═════ Extracted data

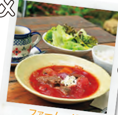
ファーム・ノラ 2,000円分のお食事券
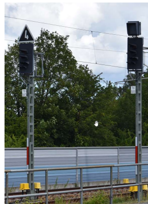
Ausfahr- bzw. Zwischensignale Velgast Ri. Stralsund
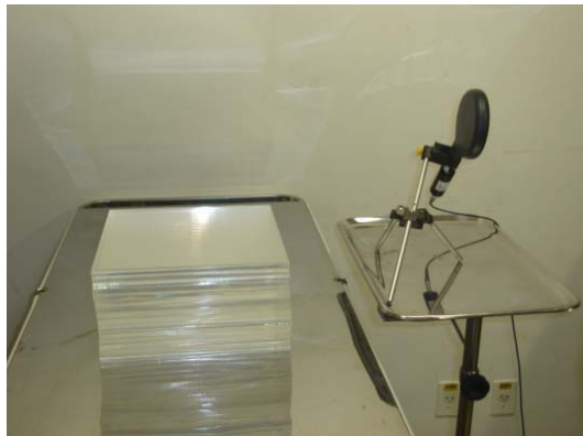
Figura 1. Câmera de ionização posicionada a 0,5 m do objeto simulador de tórax.

As medidas foram feitas por meio de simulação das condições típicas de exames. Portanto, foi utilizado um objeto simulador de tórax construído com material de acrílico de dimensões 30 cm × 30 cm × 15 cm. Este material foi escolhido por ser um dos mais utilizados para simular tecido mole em feixe de radiação ionizante. Para a obtenção das medidas de taxa de kerma no ar, foi utilizada uma câmera de ionização modelo Radcal 10x6-180 e série 08-0135. O objeto simulador de tórax e a câmera de ionização utilizada estão apresentados na Figura 1.
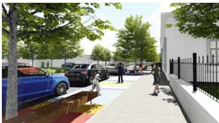
Az iskola előtti kiszállóhely színes, vízáteresztő burkolattal
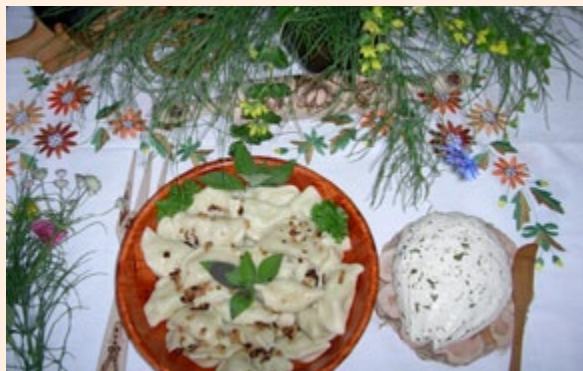
Pierogi i ser

Każdy z obiektów posiada indywidualną ofertę noclegową i gastronomiczną. Ceny noclegów w gospodarstwach wahają się w granicach od 20 do 50 zł, a cena za całonocne wyżywienie – od 20 do 60 zł. Na
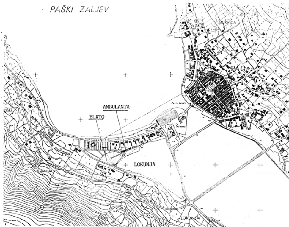
Slika 1. Panorama Paga. Označeno je mjesto predviđeno za izgradnju ambulante za primjenu limana

Uočivši medicinsku važnost nalazišta limana u jezeru Blato na otoku Pagu jedan od autora (Repač 1987) projektirao je ambulantu za njegovu
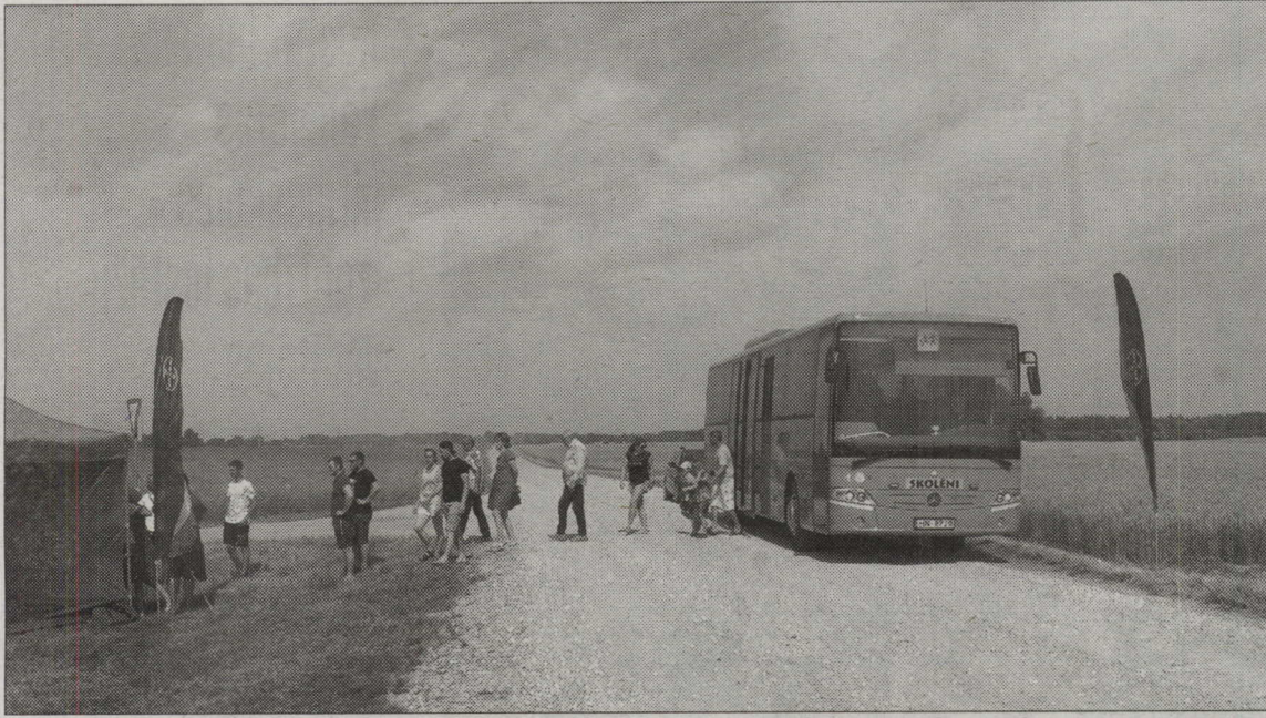
PIEBRAUC AUTOBUSS no Alojās ar ļaudīm no Valda Možvillo saimniecības.
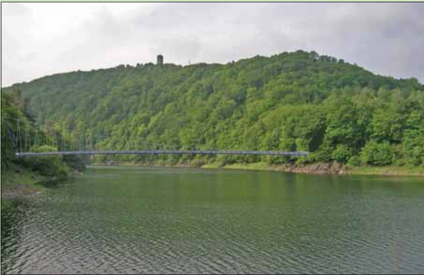
Unauffällig passt sich die geplante Brücke dem Landschaftsbild an.
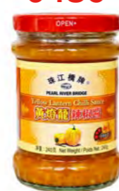
Chilisoße gelb 黄灯笼辣椒酱 24×240 g
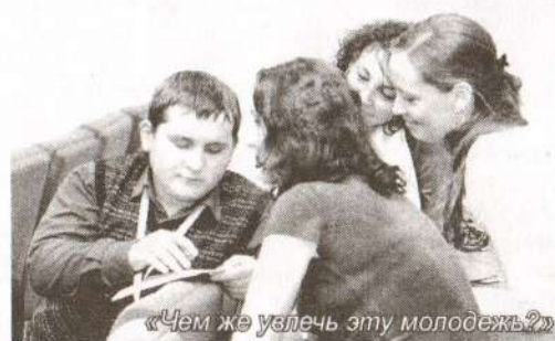
«Чем же увлечь эту молодежь?»
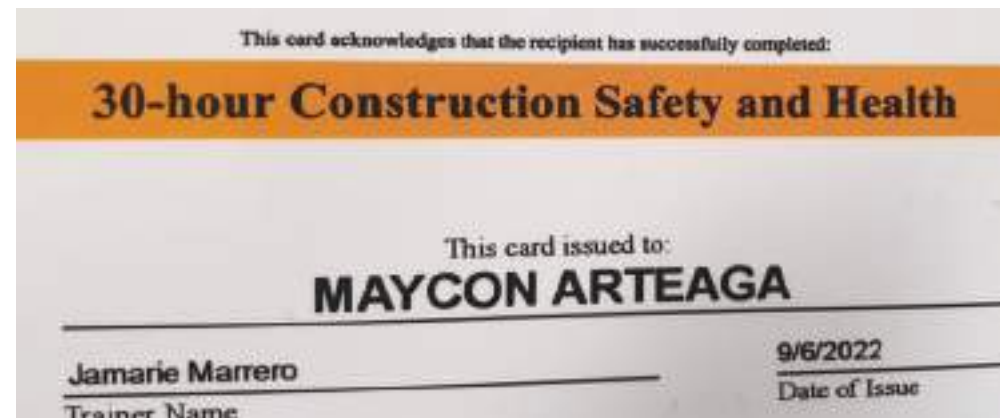
Las tarjetas de Osha Ud. las puede obtener sin problemas, en su idioma y al mejor precio, OSHA QUEENS, 100 - 05 ROOSEVELT AVENUE, 2DO PISO.

"OSHA QUEENS", No es simplemente una escuela de capacitación, es un centro de ayuda comunitaria para
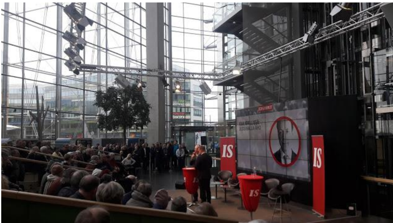
Jussi selkeyttää ja kirkastaa.

Myös oma läpimenoni voi olla pienestä kiinni, mihin viittaa tänään jul- kistettu vaalinumeroni 99 (muistakaa laittaa se äänestyslipukkeeseen oi- kein päin).
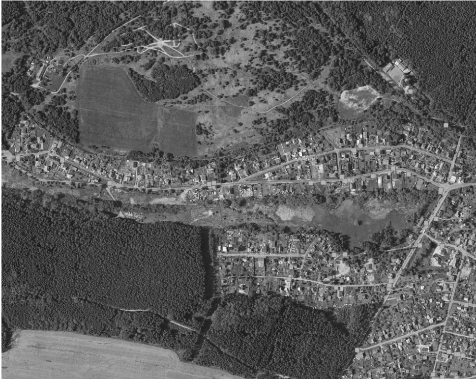
Obr. 2: Mapování invazních rostlin – data pořízená v terénu

a) mapa (pro všechny druhy, je pořízen jeden typ bodového zákresu a zapsány atributy: název taxonu, kvantita výskytu)
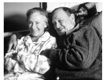
1996 ÉTOILE DU SOIR (The Evening Star) de Robert Harlin avec Marion Ross
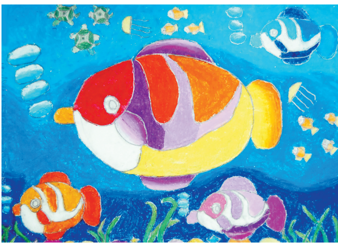
金鱼和小龟 6岁作于列奥纳多 26.7cm x 38.2cm
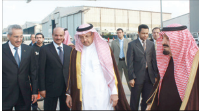
الأمير مشعل لدى مغادرته بيروت
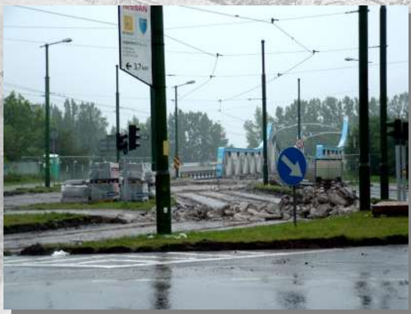
Na zdj.: Remont wiaduktu w ciągu ul. Zabrskiej.
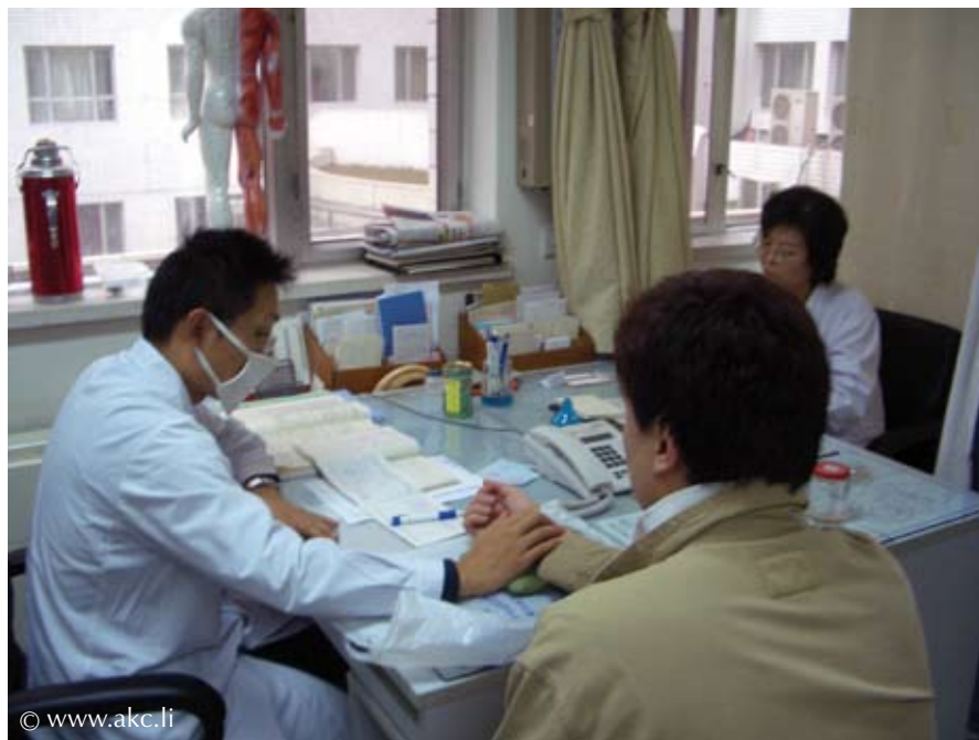
Bild 2: Wesentliches Element der täglichen klinischen Diagnostik im heutigen China ist die Pulsdiagnose; www.akc.li

lich“, „tief“, „rollend“, „rau“ etc. beschrieben, bzw. aus dem Chinesischen vielleicht manchmal zuerst ins Englische und dann ins Deutsche übersetzt.
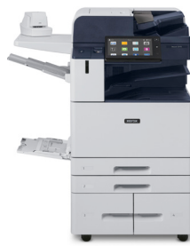
Equipo multifunción en color Xerox® AltaLink® C8130/ C8135/ C8145/ C8155/ C8170
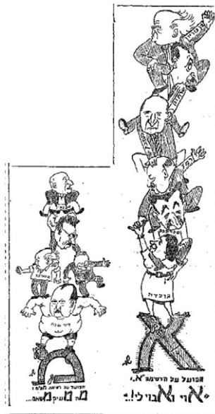
איור 6: קריקטורה נגד מפא"י ומפ"ם. חרות, 14.1.1949, עמ' 4

══════════

While leaving pictures out, reproduce exactly the lines from the beginning of the listing above through the line containing "Obr. 2: Mapování", both ends included.

ファーム・ノラ 2,000円分のお食事券
Ausfahr- bzw. Zwischensignale Velgast Ri. Stralsund
Figura 1. Câmera de ionização posicionada a 0,5 m do objeto simulador de tórax.

As medidas foram feitas por meio de simulação das condições típicas de exames. Portanto, foi utilizado um objeto simulador de tórax construído com material de acrílico de dimensões 30 cm × 30 cm × 15 cm. Este material foi escolhido por ser um dos mais utilizados para simular tecido mole em feixe de radiação ionizante. Para a obtenção das medidas de taxa de kerma no ar, foi utilizada uma câmera de ionização modelo Radcal 10x6-180 e série 08-0135. O objeto simulador de tórax e a câmera de ionização utilizada estão apresentados na Figura 1.
Az iskola előtti kiszállóhely színes, vízáteresztő burkolattal
Pierogi i ser

Każdy z obiektów posiada indywidualną ofertę noclegową i gastronomiczną. Ceny noclegów w gospodarstwach wahają się w granicach od 20 do 50 zł, a cena za całonocne wyżywienie – od 20 do 60 zł. Na
Slika 1. Panorama Paga. Označeno je mjesto predviđeno za izgradnju ambulante za primjenu limana

Uočivši medicinsku važnost nalazišta limana u jezeru Blato na otoku Pagu jedan od autora (Repač 1987) projektirao je ambulantu za njegovu
PIEBRAUC AUTOBUSS no Alojās ar ļaudīm no Valda Možvillo saimniecības.
Unauffällig passt sich die geplante Brücke dem Landschaftsbild an.
Chilisoße gelb 黄灯笼辣椒酱 24×240 g
«Чем же увлечь эту молодежь?»
Las tarjetas de Osha Ud. las puede obtener sin problemas, en su idioma y al mejor precio, OSHA QUEENS, 100 - 05 ROOSEVELT AVENUE, 2DO PISO.

"OSHA QUEENS", No es simplemente una escuela de capacitación, es un centro de ayuda comunitaria para
Jussi selkeyttää ja kirkastaa.

Myös oma läpimenoni voi olla pienestä kiinni, mihin viittaa tänään jul- kistettu vaalinumeroni 99 (muistakaa laittaa se äänestyslipukkeeseen oi- kein päin).
Obr. 2: Mapování invazních rostlin – data pořízená v terénu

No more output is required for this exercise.